Preventative Communication

So many of the challenges we experience when communicating come from the singular place where we feel like we aren't understood by the person we're communicating with -- or we don't understand them. 

And often, those challenges are rooted in assumptions we are making, often unconsciously, about where the other person might be coming from or how they might be feeling. We can't expect other people to read our minds, especially when we are going through tough and stressful times, yet that's often exactly what we do.

This is where we need to engage in something called "preventative" communication -- taking the initiative to share where you are and how you're feeling -- proactively.

Earlier this year, I wrote about the power of the "Check In" to help normalize doing this for your teams and for yourself. Preventative communication is another way of coming at the same concept. Being attuned to, and naming, how you are feeling and where you're coming from saves time and eliminates a huge number of unnecessary hard conversations -- not because you avoid them, but because you have them before they become hard.

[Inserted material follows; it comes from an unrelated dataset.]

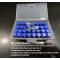 KIT 32 TUBES POUR POUDRE NOIRE OU SEMOULE DANS UNE BOITE 160X90MM H6MM AVEC MOUSSE ANTI-CHOC ALVEOLEE + CUILLERE + ENTONNOIR

A poet, writer, and modern philosopher I love, Yung Pueblo, who writes often about inter-personal relationships recently wrote about "preventative communication." And while this concept is useful in personal relationships, it's also useful at work. 

He writes:

"Preventative communication can help stop unnecessary arguments in a relationship. When you take the time to let your partner know where you are in your emotional spectrum (meaning if you feel down, sad, happy, short tempered, etc.) it helps you both have the information you need to support each other well that day.

"You don’t always need to be asked “how do you feel today?” In fact, volunteering the information, especially when you are going through turbulent emotions, can be so helpful to the both of you. It helps you admit to yourself what emotions are currently passing through you and it helps your partner know when you are going through a tough moment. This level of communication can uplift self-awareness and help cut down on projecting your turbulent emotions onto your partner. Creating a culture of communication between the two of you will not only welcome in vulnerability but it will also help you remain flexible in the ways you show each other loving support.

"What you need one day may be quite different from the next. It is important to not expect your partner to read your mind, they simply can’t do that."


Think about this in your own communications at work and at home. Let me know what you think and how it works for you.